I've seen it happen and it's absurd.

This, and use the easiest system your group can agree on.

You can't force the big shit tho, it happens when it does.
I play 40k rpgs, you get used to it, and you find ways to beat the odds, but the dice will fuck you.
I've had days where I didn't roll less than a 80 on the dice, and days where I passed all but a handful of tests, like the day I took on 12 dudes and 3 turrets in a stone hallways by going full RULES OF NATURE on them. GM was confounded, but my dice were hot.
>solid mechanics that restrict runaway numbers is bad because I say so
user, 5e has been out long enough for us to know what is bullshit and what isn't. That's right up there with the 4e trolls saying that everyone uses magic.
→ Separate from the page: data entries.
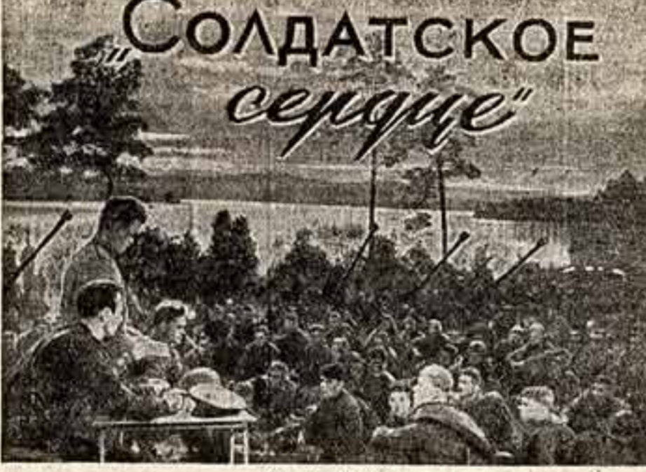
Надр из фильма.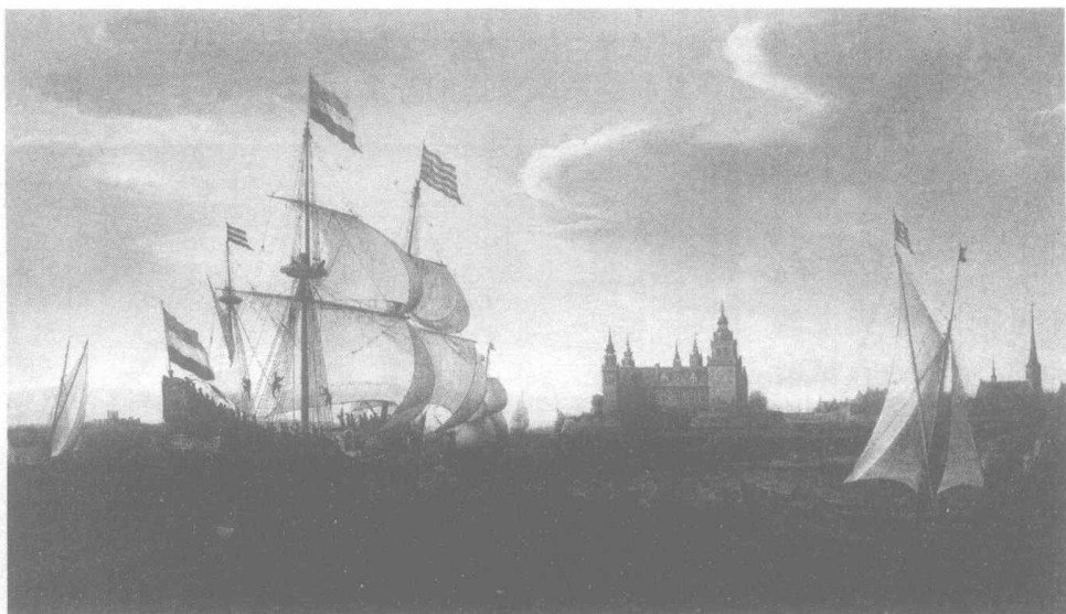
荷兰商船经过松德海峡

其次,从地缘角度看,瑞典也是相当不安全的,当时的丹麦(严格来说是丹麦-挪威联合王国)与瑞典有着漫长的边界线,除了一段狭窄的出海口外,瑞典面向北海和大西洋的窗口几乎全被堵死。如果它想在波罗的海以外开展贸易,松德海峡几乎是必经之路,而丹麦在海峡两侧都拥有领土,可以坐收“买路钱”,让瑞典苦不堪言。丹麦还据有瑞典东南沿海的哥得兰岛和爱沙尼亚西南沿海的奥塞尔岛,两岛就像两块巨石,阻碍了瑞典的海上行动。斯堪的纳维亚半岛最南部(包括斯堪尼亚、哈兰、布莱金厄等省)当时也是丹麦的领土,而挪威的耶姆特兰和海里耶达伦两省超过了斯堪的纳维亚山脉的分水岭,使瑞典本土很容易被切断为南北两部分。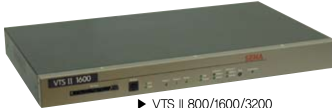
▶ VTS II 800/1600/3200 8/16/32-포트 지능형 콘솔 서버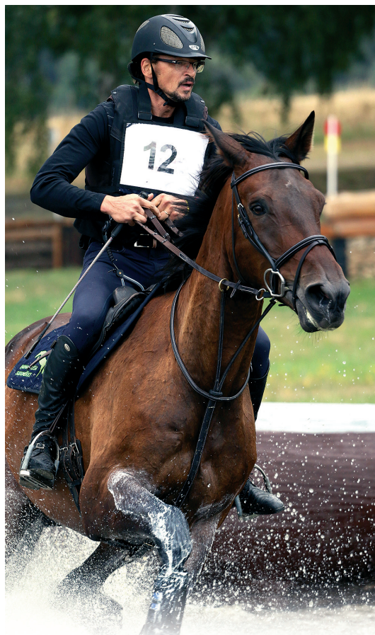
Zlatá podkova Humpolec

Mezinárodní plavecké závody zařazené do programu Českého poháru v plavání. www.jpaxis.cz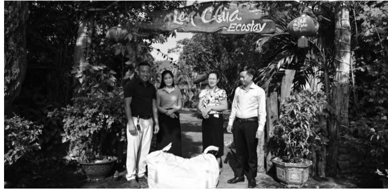
● Chính quyền địa phương trực tiếp xuống cơ sở, tìm giải pháp tiêu thụ nông sản cho người dân trong những ngày cao điểm nắng nóng.

Từ sự kết nối của chính quyền, nhiều cơ sở như Khu du lịch Suối Đá, Lèn Chùa Ecostay,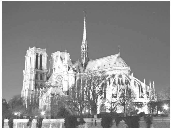
Рис. 3. Собор Паризької Богоматері. XII – поч.XIV ст. Париж, Франція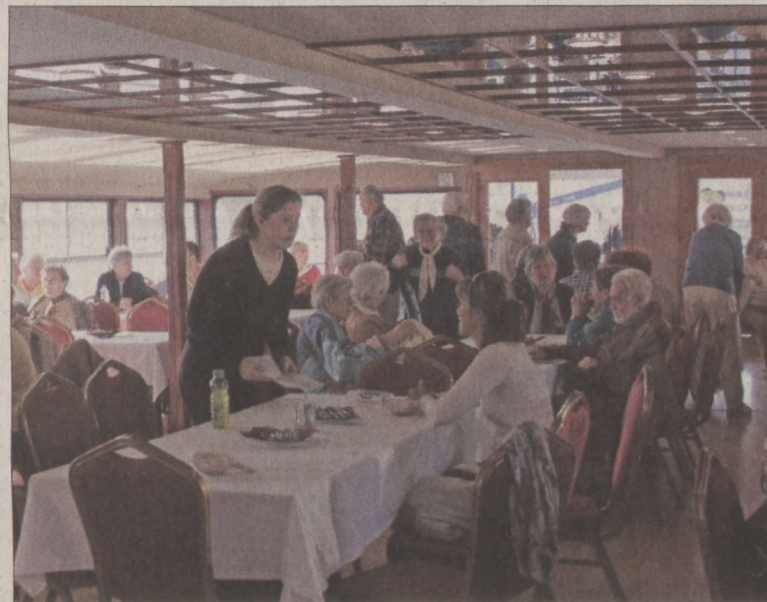
A hajón terített asztallal várták a vendégeket

nevezetes váci fegyházzal, különböző időszakokkal, híres lakóival és mostani helyzetével. Átmentünk a diadalív alatt, mely Mária Terézia tiszteletére készült. Az egyik régi városkapu, a Bécsi kapu nemrég újították fel. A Fő tér, mely elnyújtott háromszög alakú, szintén nemrég lett mintaszerű módon felújítva. Itt látható a városháza, a Cházár András által alapított szikelnéma intézet, mely Magyarországon az első volt, a nagypréposti palota és a híres-neves Fehérek temploma (domonkos templom), melynek kriptájában néhány éve megtalálták a XVIII. században ide temetett polgárok természet által mumifikálódott holttesteit. Ezek egy része most a Memento Mori kiállításon látható. Tovább menve láttuk Szent Hedvig szobrát, őt tartják a Duna-kanyar védőszentjének. Sétánkat az impozáns Dómnál fejeztük be és a püspöki palota hatalmas parkjánál. Közben szó esett a mai Vác iskoláiról, intézményeiről, lakóinak jelenlegi életéről, problémáiról. Visszafelé szép Duna-parti sétával érkezünk meg hajónkhoz.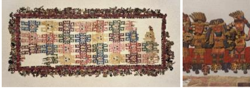
Resim 2. Paracas Tekstil, Nazca, Pamuk ve devetüyü elyafı, 148x62,2 cm, 100-300. Brooklyn Müzesi, 38.121. ( https://www.archaeology.org/issues/337-1905/features/7548-maps-peru-paracas-textile )

MÖ 900-200 yılları arasında etkin olan Chavin kültüründen günümüze kalan kısıtlı sayıda tekstillerde dişil tanrıların ve hayvan figürlerinin sembollerle yer aldığı tören giysi örnekleri bulunmaktadır. Daha geç örneklerde üzerine desen işlenmiş tekstiller, düz örmeler ve çapraz ilmekli özel örme yapılar yaygınlaşmıştır (Desrosiers, 2014: 2).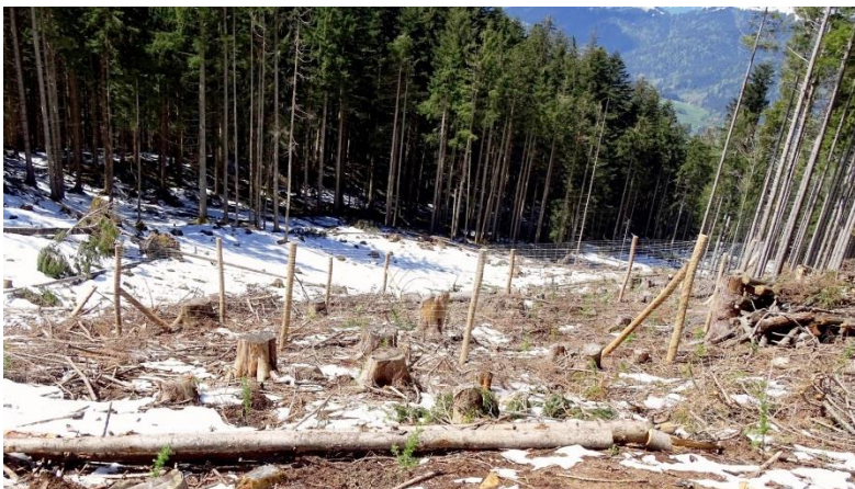
Neugebauter Weiserzaun am Schliersberg

Was kann die Naturverjüngung bei uns leisten, wie hilft uns die Natur beim dringend nötigen Waldumbau?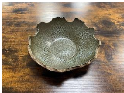
FR LU CO

System is a bad one if it produces results that go against group expectations or are just plain nonsensical. If you try to play shit eating peasants with a system meant for big damn heroes you're going have a bad time, and vice versa.

...What? How is 'Playing with good people is fun, playing with shitty people is not fun' in any way GMing advice? It's a statement of the blatantly obvious which leads nowhere and says nothing.

>You can't force the big shit tho, it happens when it does.
Certain systems encourage it more than others.
Telling GMs to be a people person is not blatantly obvious, although congratulations if you think it is, and it is the "one" advice I'd give.

Dnd

Bitch please. 5e is vanilla 3.5. It's fucking boring compared to early editions. The only good thing it has going for it is it's easy for new players to learn because it's so fucking basic.